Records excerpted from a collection
* * * * *

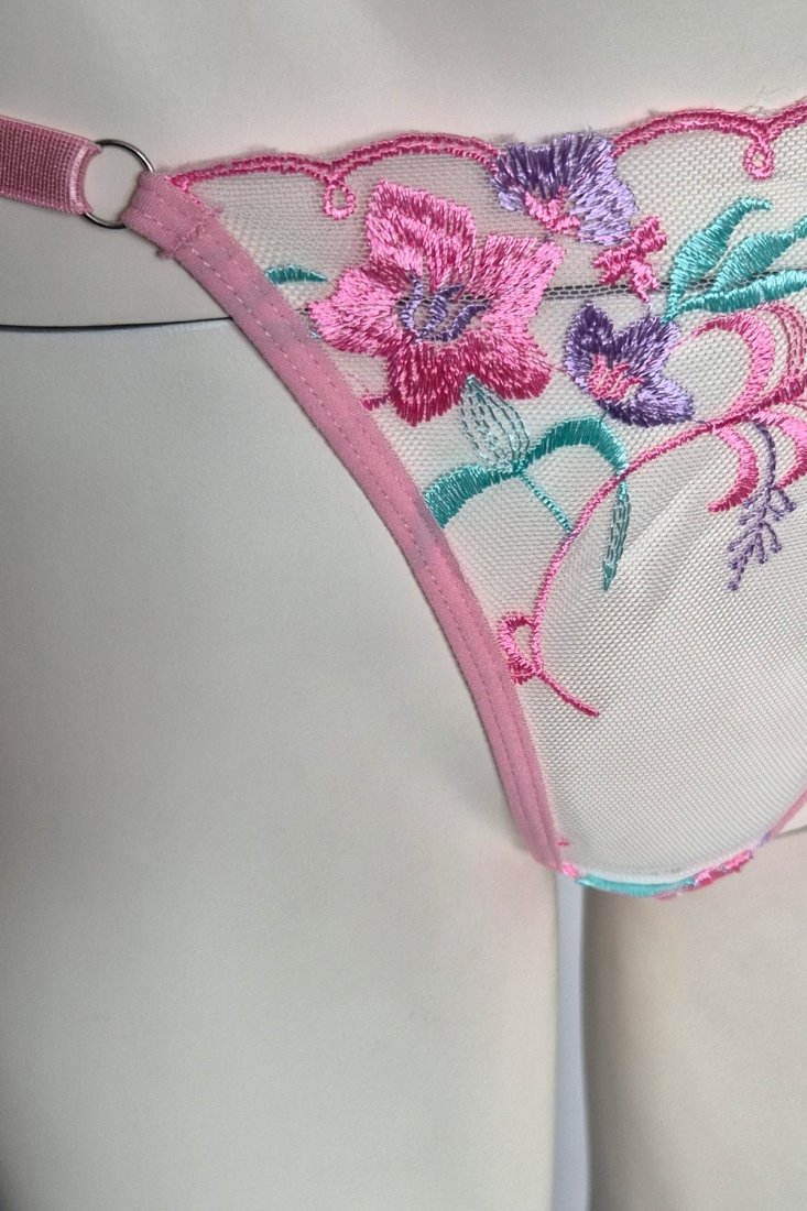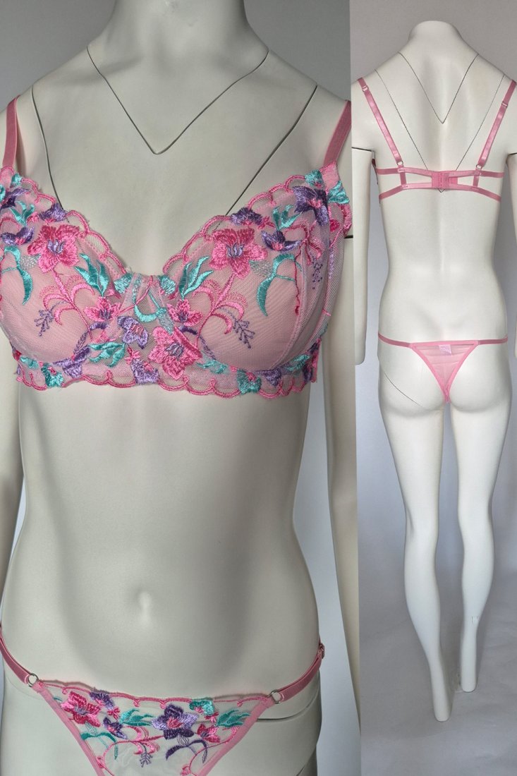 komplet bielizny, różowy komplet, haftowana bielizna, zmysłowa bielizna, stringi, biustonosz siateczka, kwiatowy haft, komplet różowy, delikatna bielizna, sexy lingerie, bielizna transparentna, haft kwiatowy, komplet koronkowy, bielizna damska
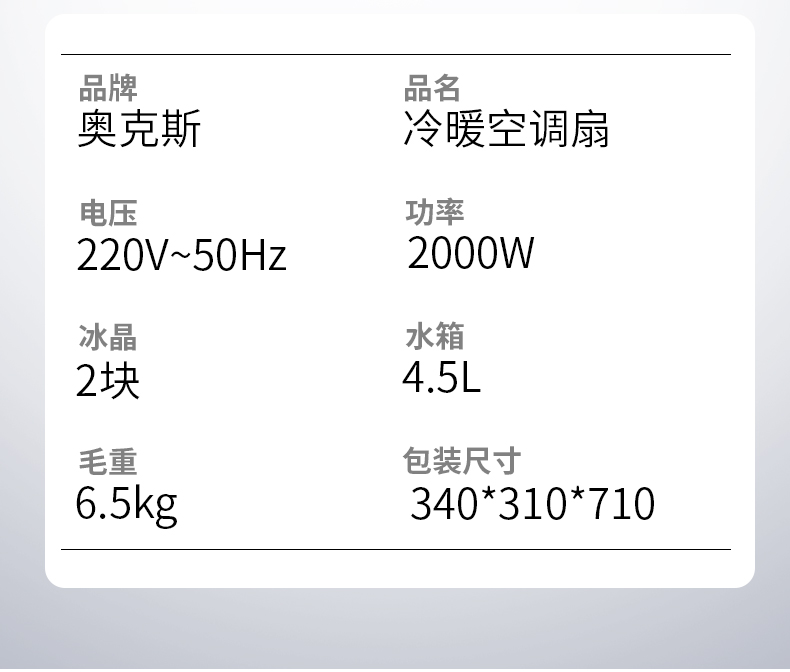 商品名称:奥克斯 AUX 冷暖冷风扇/空调扇/电风扇/取暖器NFS-20J
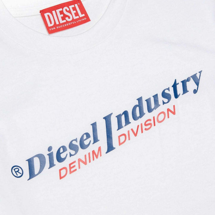 Crew-neck, short-sleeved t-shirt with 'Diesel industry, Denim Division' logo on the front. Made of 1% cotton.\
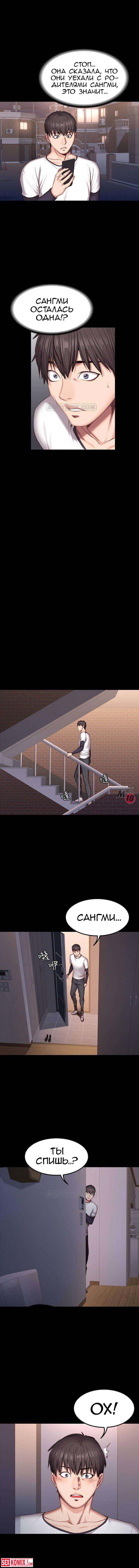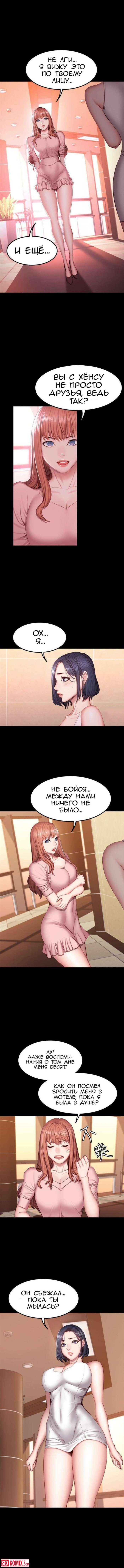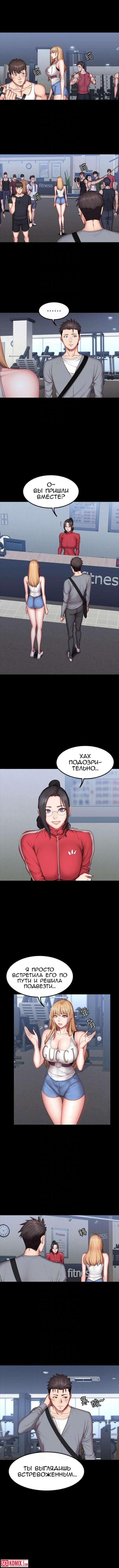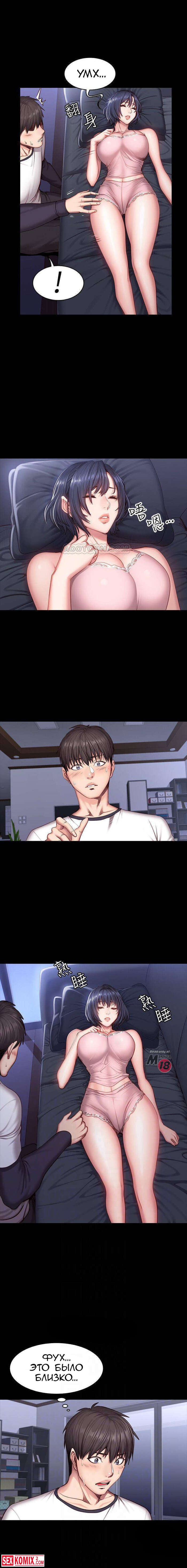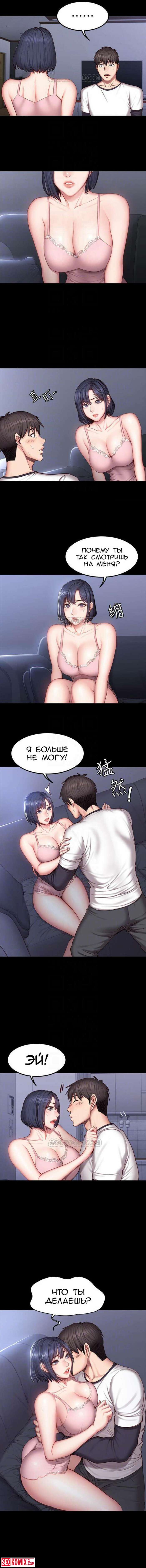 Порно комикс Фитнес. Части 33 и 34. Парень узнал, что сексуальная брюнетка осталась одна, и пошел её навестить, но она спала. Он не удержался и облапал её спящую.
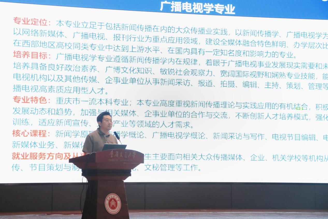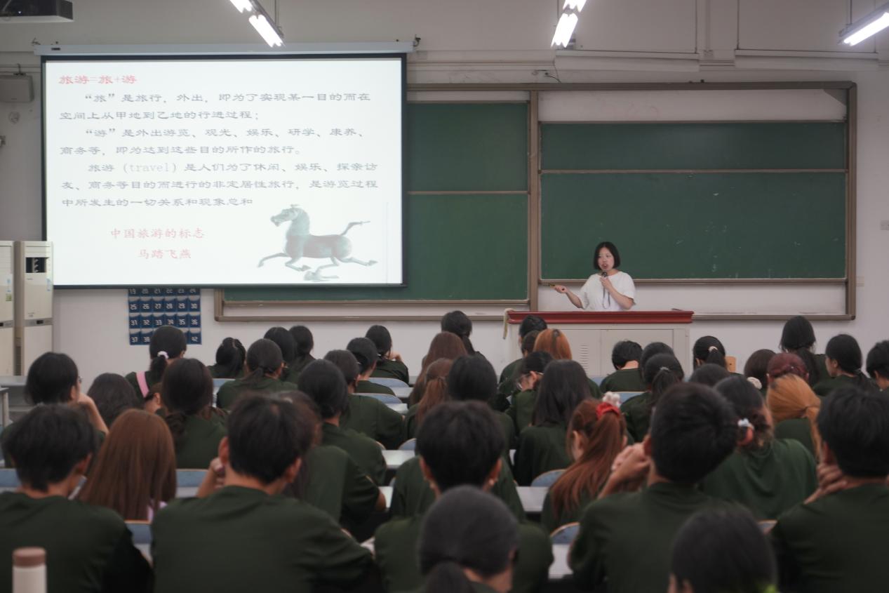 会议第二阶段,公司组织各专业分教室开展深入的专业入学教育。由广播电视学系主任王熠钰、广告学系主任潘力为新闻传播学类新生进行专业教育讲解。他们从不同层面为新生开展专业教育,内容包括人才培养、学科竞赛、就业方向等。同期旅游管理系主任何玉婷也为旅游管理专业新生开展了专题入学教育,以“马踏飞燕”是中国旅游的标志为例,提出“旅游=旅+游”的概念,说到:“旅游是游览过程中所发生的一切关系和现象总和。”明确了旅管专业的定位、课程设置及理论与实践相结合的目标,细致的讲解为新生即将开始的专业学习指明了方向。

* * * * *

- **Task to complete**
Word for word, repeat the data above with the pictures left out.

- **Response for this exercise**
 komplet bielizny, różowy komplet, haftowana bielizna, zmysłowa bielizna, stringi, biustonosz siateczka, kwiatowy haft, komplet różowy, delikatna bielizna, sexy lingerie, bielizna transparentna, haft kwiatowy, komplet koronkowy, bielizna damska
 商品名称:奥克斯 AUX 冷暖冷风扇/空调扇/电风扇/取暖器NFS-20J
 Crew-neck, short-sleeved t-shirt with 'Diesel industry, Denim Division' logo on the front. Made of 1% cotton.\
 Порно комикс Фитнес. Части 33 и 34. Парень узнал, что сексуальная брюнетка осталась одна, и пошел её навестить, но она спала. Он не удержался и облапал её спящую.
 会议第二阶段,公司组织各专业分教室开展深入的专业入学教育。由广播电视学系主任王熠钰、广告学系主任潘力为新闻传播学类新生进行专业教育讲解。他们从不同层面为新生开展专业教育,内容包括人才培养、学科竞赛、就业方向等。同期旅游管理系主任何玉婷也为旅游管理专业新生开展了专题入学教育,以“马踏飞燕”是中国旅游的标志为例,提出“旅游=旅+游”的概念,说到:“旅游是游览过程中所发生的一切关系和现象总和。”明确了旅管专业的定位、课程设置及理论与实践相结合的目标,细致的讲解为新生即将开始的专业学习指明了方向。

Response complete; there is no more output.